Açık füzyon platformu, tam otomatik sürüş fonksiyonlarının geliştirilmesini ilerletiyor

celikci

New member
Araç çevresini algılar, eşya ve insanı ayırt eder ve ileriyi düşünür. Alman Havacılık ve Uzay Merkezi’ndeki (DLR) bilim adamları, bu senaryoyu Açık Füzyon Platformu (OFP) projesinin bir parçası olarak üniversiteler, BT uzmanları ve otomotiv endüstrisinden şirketlerden oluşan bir araştırma derneğinde geliştirdiler.

OFP, açık arayüzlere sahip seriye yakın bir füzyon platformu anlamına gelir. Otomobil üreticilerinin ve tedarikçilerinin otonom sürüş için yüksek düzeyde ve tam otomatik sürücü yardım fonksiyonlarını hızlı ve uygun maliyetli bir şekilde entegre etmelerini sağlar. Ulaştırma Sistemi Teknolojisi Enstitüsü’nden OFP DLR proje yöneticisi Kay Gimm, “Bir füzyon platformu, yüksek oranda otomatikleştirilmiş bir araca kurulan bireysel modüllerin iletişimi için bir arabirim görevi görür” diye açıklıyor. Bugüne kadar, bu tür arayüzler standartlaştırılmamıştır. Bu, tedarikçilerin ve otomobil üreticilerinin üzerlerine düşeni yapabilecekleri anlamına gelir. Yüksek düzeyde ve tam otomatik sürüş işlevlerini bir araçta oluşturmak ve bunları diğer sistemlerle birleştirmek büyük masraf ve zaman gerektirmeden mümkün değildir. Gimm, “OFP ile artık her otomobil üreticisinin yüksek ve tam otomatik sürüş işlevlerini kolayca uygulamak için kullanabileceği, açık arayüzlere sahip, seriye yakın bir füzyon platformu geliştirdik” diyor Gimm.

Federal Eğitim ve Araştırma Bakanlığı (Haberler) tarafından 4,4 milyon avro ile finanse edilen proje, üç yılı aşkın bir sürenin ardından 21 Mart’ta başarıyla tamamlandı. Braunschweig’deki DLR tesisindeki araştırmacılar, farklı senaryolar kullanarak, standartlaştırılmış arayüzler kullanarak gelecekte OFP ile hangi sürüş işlevlerinin mümkün olacağını gösterdi. Geliştirilen senaryolardan biri, sinir ağları ile çevrenin algılanması ve sözde nesnelerin izlenmesiydi: “Özellikle, araştırma aracı nesneleri sınıflandırabilir ve kararlar verebilir: kaçınıyor mu, fren mi yapıyor yoksa devam mı ediyor?” diyor Gimm. “Her sürüş manevrasını öğreniyor ve böylece yayaların, araçların ve diğer yol kullanıcılarının nasıl davranacağını tahmin edebiliyor.”

Başka bir senaryo, kablosuz şarjlı otomatik park etmeyi içeriyordu: Elektrikli araştırma aracı, tamamen otomatik olarak ücretsiz bir endüktif şarj istasyonuna gidiyor ve şarj işlemi tamamlandıktan sonra, şarj plakası olmayan ücretsiz bir park yeri arıyor. Gimm, “Şimdiye kadar, bu tür senaryolar yalnızca prototipler olarak gösterilebilir ve endüktif şarj plakası gibi bireysel teknik bileşenler yine de önemli ölçüde değişebilir” diye açıklıyor.

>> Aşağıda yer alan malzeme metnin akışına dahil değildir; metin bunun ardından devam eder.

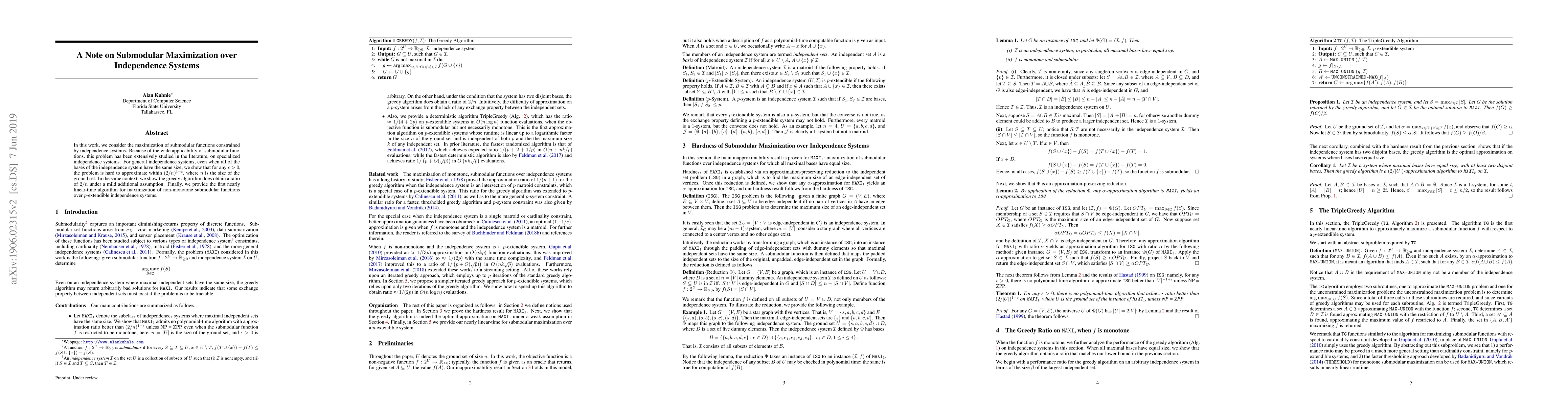 This paper studies the maximization of submodular functions within independence systems, proving approximation hardness and presenting a $2/n$ ratio via the greedy algorithm under mild conditions. It also introduces a nearly linear-time algorithm for non-monotone submodular function maximization over $p$-extendible independence systems.

Her iki senaryo da oldukça karmaşıktır. Çevreyi gerekli doğrulukla gösteren ve sürüş işlevinin güvenilir bir şekilde uygulanabileceği eksiksiz bir ortam modeli oluşturmak için birçok sensör ve kameradan gelen veriler birleştirilmelidir. Geliştiriciler, bu görselleştirme seçeneklerini kullanarak aracın tüm çevreyi tam olarak nasıl algıladığını görebilir ve bu temelde hangi sensör verilerinin birleştirilmesi gerektiğine karar verebilir. Gimm, “Yüksek veya tam otomatik sürüş işlevlerinin programlanması ve geliştirilmesi OFP ile hızlandırılıyor ve orta sınıfın da bu sürüş işlevlerinden daha hızlı yararlanmasına katkıda bulunuyor” diye devam ediyor.

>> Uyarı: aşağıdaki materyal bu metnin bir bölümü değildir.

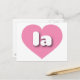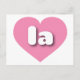This postcard features a vibrant pink heart containing the bold, white, rounded lower case letters la, a playful abbreviation for the state of Louisiana or the city of Los Angeles. The reverse side of the postcard is blank, awaiting your customised text or handwritten sentiments.

Projenin tamamlanmasının ardından, devam eden ISO sürecine de akacak olan güncellenmiş bir arayüz açıklaması yayınlanacak. İlk kez tüm otomobil üreticileri ve tedarikçileri ürünlerini hızlı ve kolay bir şekilde füzyon platformuna entegre etme olanağına sahip oldular.